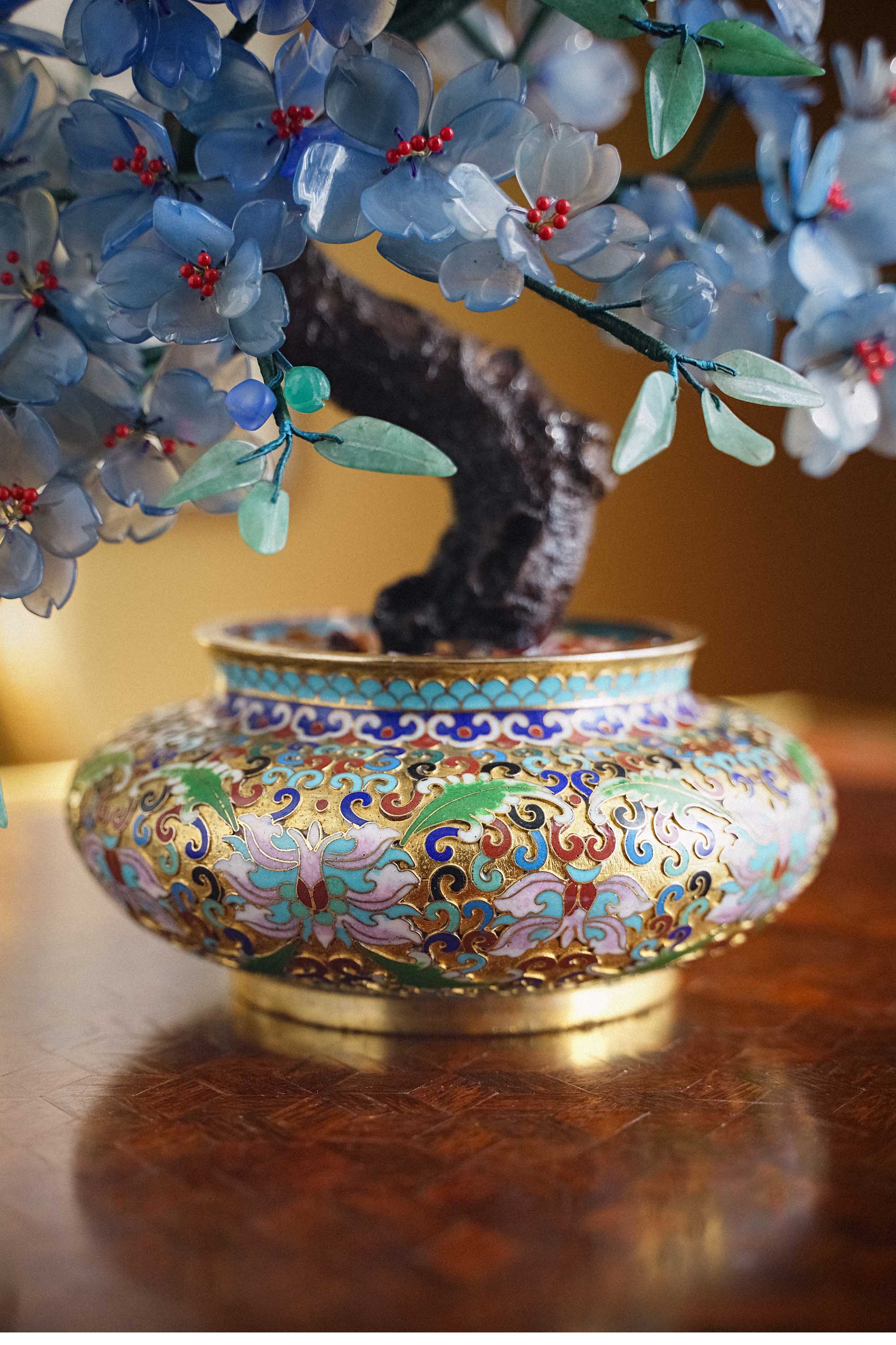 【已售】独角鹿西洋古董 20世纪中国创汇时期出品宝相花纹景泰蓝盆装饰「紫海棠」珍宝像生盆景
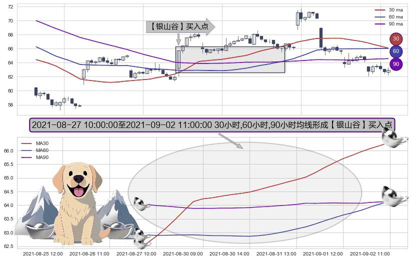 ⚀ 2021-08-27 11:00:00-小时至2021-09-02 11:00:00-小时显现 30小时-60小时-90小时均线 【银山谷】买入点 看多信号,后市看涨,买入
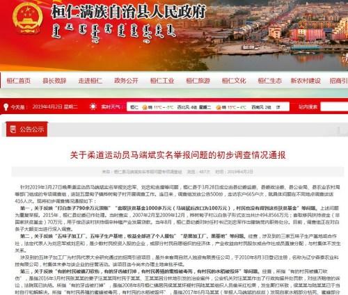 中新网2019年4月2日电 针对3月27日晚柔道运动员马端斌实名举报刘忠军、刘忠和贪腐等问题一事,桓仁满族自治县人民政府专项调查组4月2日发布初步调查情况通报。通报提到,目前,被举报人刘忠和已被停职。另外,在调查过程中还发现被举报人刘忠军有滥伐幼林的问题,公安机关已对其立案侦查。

▶ **What is required**
Your reply should hold every line above exactly as written and none of the pictures.

▶ **Exercise result**
 【已售】独角鹿西洋古董 20世纪中国创汇时期出品宝相花纹景泰蓝盆装饰「紫海棠」珍宝像生盆景
 ⚀ 2021-08-27 11:00:00-小时至2021-09-02 11:00:00-小时显现 30小时-60小时-90小时均线 【银山谷】买入点 看多信号,后市看涨,买入
 中新网2019年4月2日电 针对3月27日晚柔道运动员马端斌实名举报刘忠军、刘忠和贪腐等问题一事,桓仁满族自治县人民政府专项调查组4月2日发布初步调查情况通报。通报提到,目前,被举报人刘忠和已被停职。另外,在调查过程中还发现被举报人刘忠军有滥伐幼林的问题,公安机关已对其立案侦查。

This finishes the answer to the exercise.